それはすでに決めているからだろう。戦うことを。
最後の最後まで諦めない。そういう風に決断した。
「(……やっぱり、あの苛木ちゃんはなんかおかしいよね)」
身は縮こまらせても頬は膨らませて、小動物のようにぱくぱくぱくぱく。思うのは苛木のこと。
彼女のために、あと『街』の皆のために戦うとは決めたけど、気になるものは気になるのであった。

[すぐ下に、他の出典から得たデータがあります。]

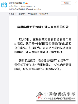 针对全国扫黄打非办公室的点名通报,21日晚间,@哔哩哔哩弹幕网 发布关于持续加强内容审核的公告。公告称,网站第一时间接受监管部门的批评和指导意见,积极配合整改,后续将不断加强内容审核能力,优化内容管理机制,积极营造风清气正的网络空间。

「とにかく、お前が言うにはあいつは『崩壊組』じゃねえんだな? ただ純粋にお前だけを狙ってここに来た、って。そういうことでいいのか?」
「…………(こくりと頷く)」
「確かに『助けてやる』だの言ってたが……何からだよ。俺らからか? ま、我ながら善人にゃ見えねえとは思うけどさ……」
「特に戦部君とかね。さっきの顔なんて完全にチンピラだったぜ」
「え、マジで? ……そうか、そんなに人相悪いのか俺は……」
「ボクはセンドが一番悪役っぽい顔と思うけどー」
「オクラ君はあれだよね、ゾンビ映画でゾンビの列に紛れてそうな顔だよね」
「ちゃんとした役すらもらえてねーじゃねえか! そんなにボクの顔は特徴がないのかーっ!?」
「いや死後三十日って顔してる」
「ちくしょう強調されてたのはゾンビって方かーっ!? どんな顔だよー!」
「鏡でも見れば?」
「うわああああんトーカぁっ! センドがボクのことイジめるよ助けてーっ!!」
「うるせえよ誕弾。俺らが今隠れてるってこと忘れてんのかお前」
「くそう味方がいねえー!!」
「あっ、あの!!」
アルコは声を上げた。そろそろ止めないとどこまでも脱線しそうだったので。
「うる……どうした?」
「(……今絶対に『うるせえ』って言いかけたなこの人)え、えっと……」
声を上げたはいいが、肝心の台詞が思いつかない。
『この「街」を助けるために力を貸して下さい』……言うのは簡単なのだが。
「(……あれ? あたしって今、全然信用ない?)」
少年たちからすれば、アルコは敵を庇う立場不明の人間だ。最悪、スパイと思われていてもおかしくない。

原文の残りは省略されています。